Il est question de tous côtés de plans de modernisation,
d’équipement ; on songe également à un plan général de production pour
l’agriculture française, afin de déterminer le genre de spéculations auquel il
serait utile de se consacrer. Vastes problèmes qui demandent une sérieuse
réflexion, car il ne saurait être question d’investir des capitaux à la légère
ou d’orienter les travailleurs de la terre dans des directions mal étudiées.

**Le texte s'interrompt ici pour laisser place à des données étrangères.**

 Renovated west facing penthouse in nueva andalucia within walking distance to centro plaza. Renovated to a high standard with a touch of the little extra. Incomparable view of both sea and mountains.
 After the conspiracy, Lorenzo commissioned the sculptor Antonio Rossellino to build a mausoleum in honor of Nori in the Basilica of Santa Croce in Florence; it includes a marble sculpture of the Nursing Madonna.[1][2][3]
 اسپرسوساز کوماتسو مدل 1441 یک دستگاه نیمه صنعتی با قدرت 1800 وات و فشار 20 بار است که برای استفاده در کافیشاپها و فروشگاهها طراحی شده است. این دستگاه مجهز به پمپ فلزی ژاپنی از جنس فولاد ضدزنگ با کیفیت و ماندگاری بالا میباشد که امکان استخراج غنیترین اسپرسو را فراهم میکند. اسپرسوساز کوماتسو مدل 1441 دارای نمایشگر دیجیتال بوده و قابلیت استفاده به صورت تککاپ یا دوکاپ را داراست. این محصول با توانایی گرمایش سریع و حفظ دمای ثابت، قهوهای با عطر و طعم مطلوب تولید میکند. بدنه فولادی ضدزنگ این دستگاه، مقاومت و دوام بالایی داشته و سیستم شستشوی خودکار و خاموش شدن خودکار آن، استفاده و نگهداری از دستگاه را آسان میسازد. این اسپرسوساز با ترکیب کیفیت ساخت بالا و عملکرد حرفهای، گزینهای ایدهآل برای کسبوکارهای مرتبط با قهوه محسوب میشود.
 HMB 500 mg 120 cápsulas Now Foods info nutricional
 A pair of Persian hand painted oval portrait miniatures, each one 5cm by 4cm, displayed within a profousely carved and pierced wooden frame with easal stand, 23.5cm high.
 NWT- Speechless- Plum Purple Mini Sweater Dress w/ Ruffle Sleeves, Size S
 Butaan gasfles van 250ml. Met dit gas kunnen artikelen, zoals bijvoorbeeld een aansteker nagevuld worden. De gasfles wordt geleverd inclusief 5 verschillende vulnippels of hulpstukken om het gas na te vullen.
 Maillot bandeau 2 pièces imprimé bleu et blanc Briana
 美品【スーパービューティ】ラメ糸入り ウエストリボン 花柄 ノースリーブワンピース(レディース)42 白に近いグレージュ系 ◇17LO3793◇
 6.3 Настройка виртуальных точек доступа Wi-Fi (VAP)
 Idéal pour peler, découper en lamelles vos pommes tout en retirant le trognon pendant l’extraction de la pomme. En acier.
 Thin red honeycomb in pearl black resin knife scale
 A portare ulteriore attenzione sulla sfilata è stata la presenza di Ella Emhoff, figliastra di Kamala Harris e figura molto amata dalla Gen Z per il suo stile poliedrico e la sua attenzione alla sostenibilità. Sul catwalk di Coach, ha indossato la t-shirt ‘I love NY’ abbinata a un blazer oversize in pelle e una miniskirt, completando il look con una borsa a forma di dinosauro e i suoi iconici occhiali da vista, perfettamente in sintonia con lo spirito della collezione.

D’une manière très générale, il s’agit de pourvoir tout
d’abord aux besoins du pays, en tenant compte des désirs manifestés par les
consommateurs acheteurs directs ou par les industries de transformation partant
des produits de la terre. Dans l’établissement de ce bilan, il faut faire la
part des importations de denrées provenant des divers territoires de l’Union
française, en tenant compte largement des possibilités de ces territoires, des
besoins des populations locales, besoins qui se seront singulièrement
développés à la faveur des événements des dernières années ; on ne saurait
négliger non plus les courants commerciaux qui peuvent être développés partant
des territoires en question et se dirigeant vers les pays étrangers.
Cette satisfaction des besoins nationaux doit être
accompagnée d’une meilleure présentation et, dans la mesure du possible, d’une
diminution des prix de vente ; c’est en permettant à tous les
consommateurs d’être des acheteurs empressés que l’on développe la production,
qu’on l’excite. Cette production ne doit pas se contenter d’un programme
caractérisé par un gros volume d’affaires ; il faut encore qu’elle réalise
des profits tant pour la rénumération des capitaux engagés que pour la rénumération
de tous les efforts consentis. Ainsi se dessine une politique des prix de
revient améliorés laissant de la marge au moment de la vente.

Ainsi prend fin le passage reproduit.